Deceased White Pelican, Pelecanus erythrorhynchos, on the north shore of Great Salt Lake.
About 100 meters from Robert Smithson’s “Spiral Jetty”, I once stumbled across this pickled pelican. Interestingly, others have noted (1, 2) a scattering of dead pelicans around the large earth and rock spiral artpiece which juts out from the north shore of the Great Salt Lake. In fact, there are even Flickr photos of what appears to be a different individual. Large colonies of nesting White Pelicans on nearby islands are the presumed source of the dessicated cadavers, which might float some distance across the lake until being left high and dry by receding waters.
These salt mummies are oddly appropriate accents to an art piece concerned with time and permanence. In fact, Smithson’s 1970 film about Spiral Jetty even includes a sequence with the ‘Trachodon mummy‘, an exceptionally preserved 65 million -year-dead hadrosaur fossil discovered by Charles Sternberg in 1908, which you can see for yourself. In the just barely under-the-top scene1, Smithson uses a spooky blood-red filter to turn the natural history museum into something out of Hostel part II.

Smithson’s intent would seem to be to forge a direct link between the silent testimony of the fossil and his own attempt to reify time (that’s right, I said ‘reify’).
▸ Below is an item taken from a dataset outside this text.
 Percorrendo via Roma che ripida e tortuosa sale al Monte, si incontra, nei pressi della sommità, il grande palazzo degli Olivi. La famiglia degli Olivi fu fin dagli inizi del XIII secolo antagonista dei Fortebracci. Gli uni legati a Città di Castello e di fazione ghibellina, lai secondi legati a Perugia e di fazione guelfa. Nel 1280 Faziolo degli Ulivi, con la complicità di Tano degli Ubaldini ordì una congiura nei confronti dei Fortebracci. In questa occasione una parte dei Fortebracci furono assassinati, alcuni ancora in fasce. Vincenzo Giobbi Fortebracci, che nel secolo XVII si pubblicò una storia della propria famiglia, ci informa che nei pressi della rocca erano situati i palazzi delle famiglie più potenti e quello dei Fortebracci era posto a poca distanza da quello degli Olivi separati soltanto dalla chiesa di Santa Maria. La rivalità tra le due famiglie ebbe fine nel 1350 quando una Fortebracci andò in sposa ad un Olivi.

I wouldn’t give either the pelican or the jetty good odds at sticking around for 65 million years, although in retrospect, who could have said the Edmontosaurus would?
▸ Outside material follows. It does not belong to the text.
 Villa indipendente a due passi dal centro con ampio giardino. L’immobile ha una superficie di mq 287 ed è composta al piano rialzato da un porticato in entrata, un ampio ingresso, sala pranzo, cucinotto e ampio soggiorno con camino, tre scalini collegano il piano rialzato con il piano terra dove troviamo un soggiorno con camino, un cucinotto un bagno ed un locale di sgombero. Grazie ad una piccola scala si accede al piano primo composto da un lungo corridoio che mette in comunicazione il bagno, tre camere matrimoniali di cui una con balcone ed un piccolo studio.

Smithon’s construction has undergone several briny baptisms which have left an aura (or perhaps crust is a better term) of agedness that belies the fact that it was constructed, geologically yesterday. The pelican, conversely, has been preserved in a state of arrested decay, spared the instant deconstruction fated most no-longer metabolizing clots of nitrogen and carbon.
Both strike the addled visitor as rather insignificant blemishes on the gleaming crystalline flats. But in a sea of uniformity, blemishes catch the eye.
Wait a minute, didn’t I promise a ‘sciencey’ post? Don’t worry we’re getting there…maybe.
1 – Actually, I haven’t seen this film since college. It might not even be Sternberg’s ‘trachodon’ in the movie, but it’s something like it. There is a clip on youtube. It’s not the hadromummy scene, but one with a vaguely chilling foreshadowing of Smithon’s death in a plane crash while surveying another piece in Texas.